Well I considered my self ugly until I was about 30. I didn’t get married until I was 29 I was to scared to get close or talk to opposite sex as I considered myself to ugly. I have since been married 29 years, I suffer a lot of anxiety in spells, but when I look back It was me not my looks that stopped me having more relationships. Before you start you are not ugly, there is someone for everyone on this earth and we don’t all like the appearance of people the same. A really pretty woman to one person is not pretty to another and ugly to one not to another? Its not your looks its the way you are thinking and I can honestly say If you try hard and like yourself more other people will like you also. I am really not making any of this up I know this from my own experience, none can love you if you don’t love yourself. Read up on this site and I am sure you will get lots of help; we also have a chartroom you are welcome to come in for a chat. Take Care. Vernon

alan74
03-05-05, 08:40
Thanks for all of your advice so far everybody. I guess that I'm going to have to start liking myself. It's not going to be easy de-programming 31 years of low self-esteem though.

seh1980
03-05-05, 10:06
All you can do is take things one step at a time and hope for the best. Things like this won't change overnight but you can slowly make sure that your future is a happy one..:D

Meg
03-05-05, 14:18
**I guess that I'm going to have to start liking myself**

Good descision - now how to go about it...

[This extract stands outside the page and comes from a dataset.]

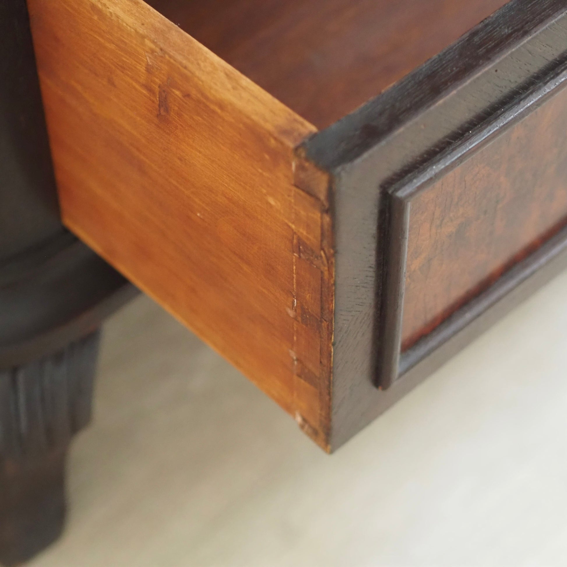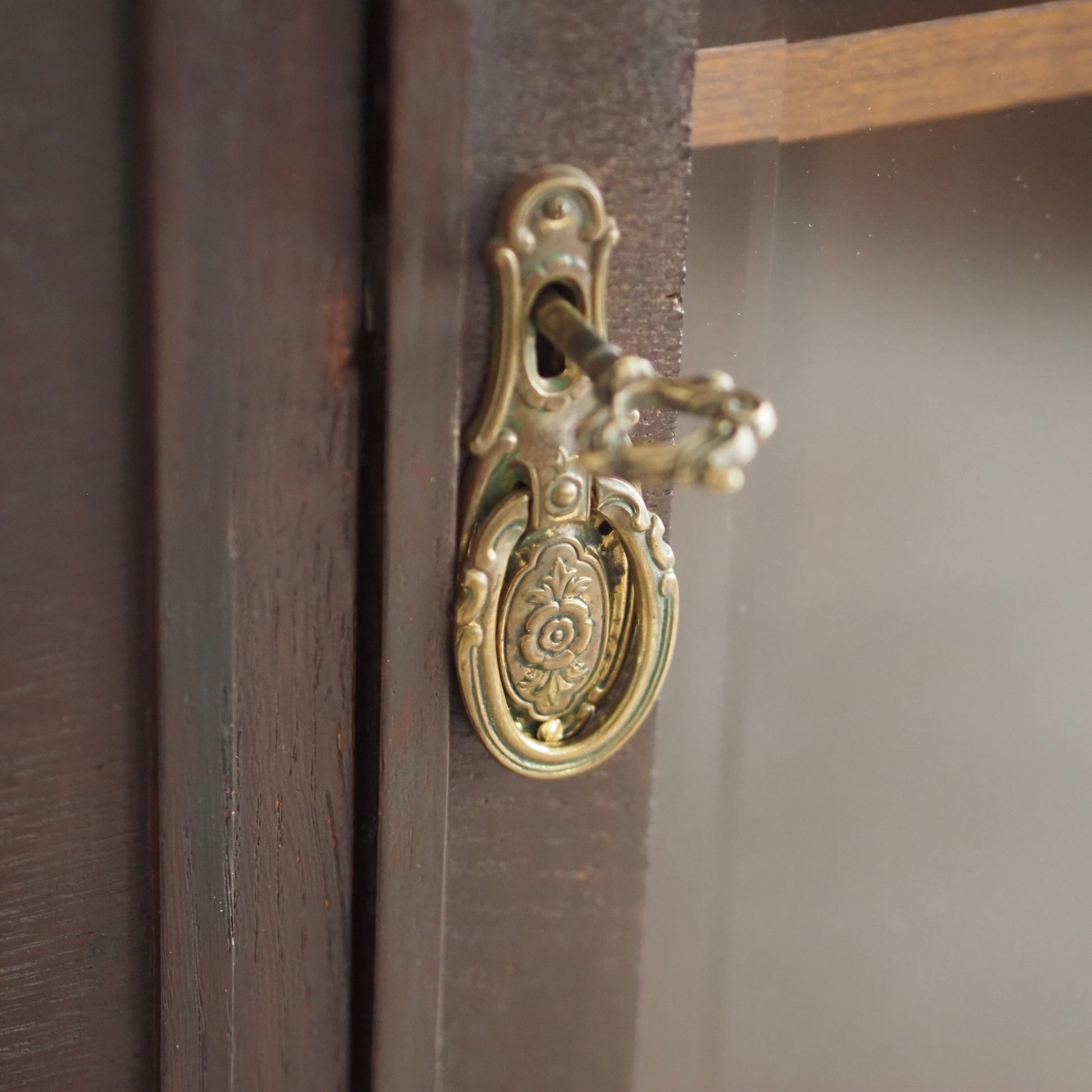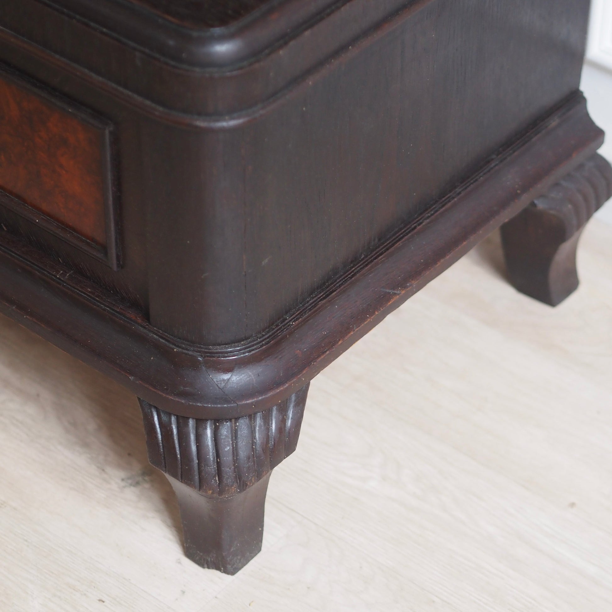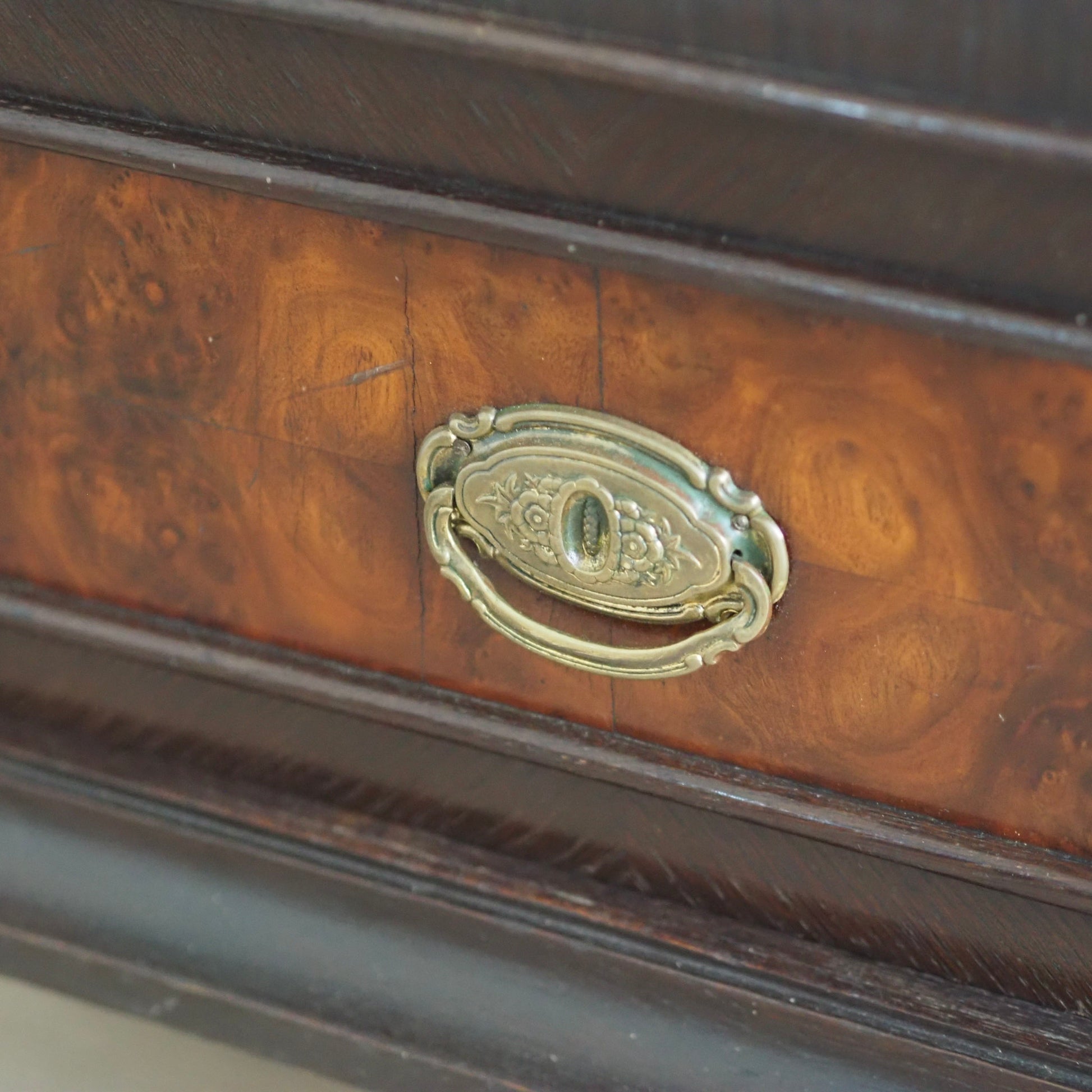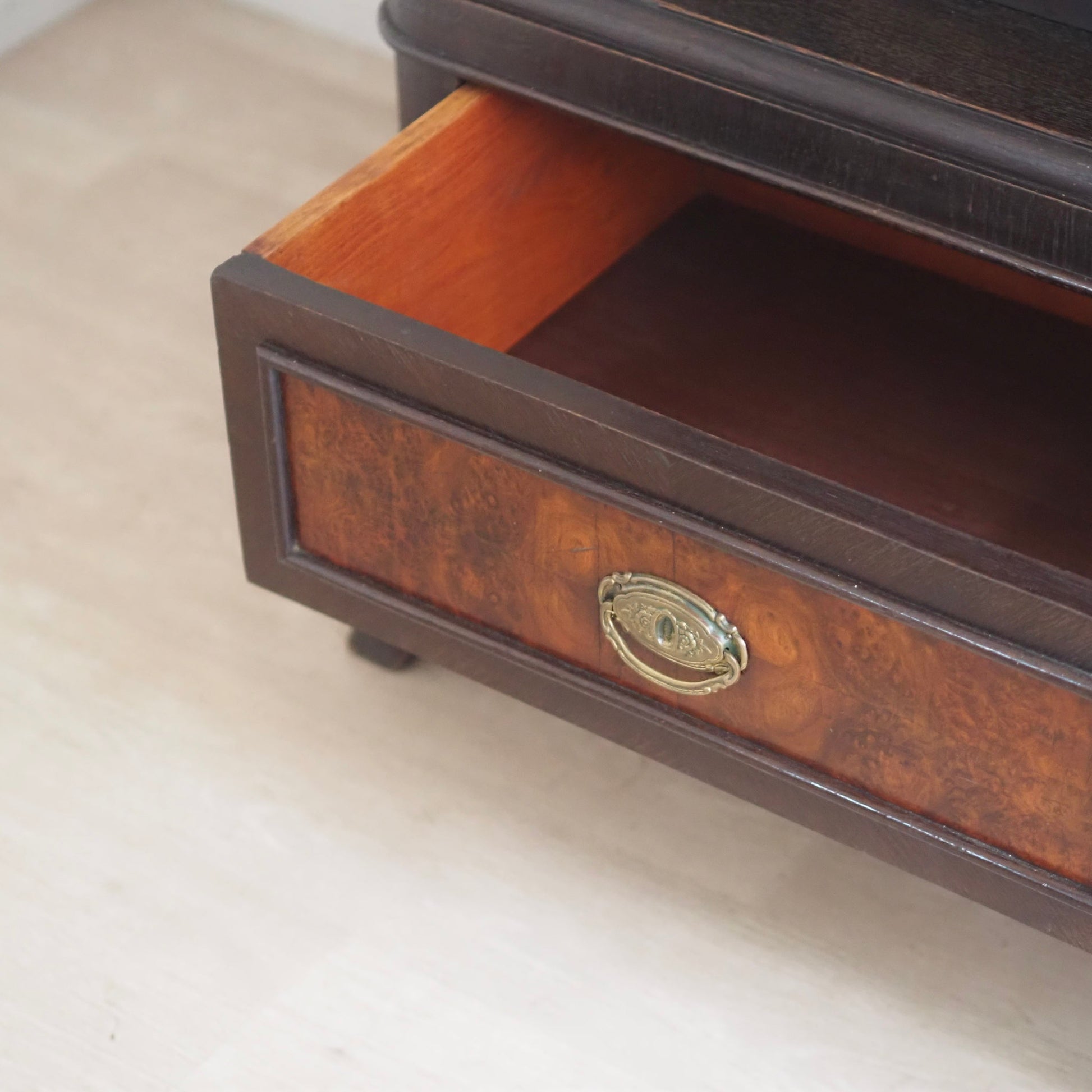 Material: Eichenholz, Nussbaumwurzelfurnier, Messing

There are books such as overcoming self esteem, there are on line courses, there are NHS and private therapists.

A book is a good place to start as it will give you an overview of where you need to head for.

CBT therapy is a good place to start .

Good luck.


Meg
www.anxietymanagementltd.com

Watch your thoughts, they become your words...
Watch your words, they become your actions... Watch your actions, they become your habits... Watch your habits, they become your character... Watch your character, it becomes your destiny...

alan74
03-05-05, 15:34
Thanks Meg - I'll certainly give the book a try. Who is the author, and where would I look for it? (Amazon etc?) I know that this is going to be hard and it's probably going to get worse before it gets better - but any improvement will be worth it.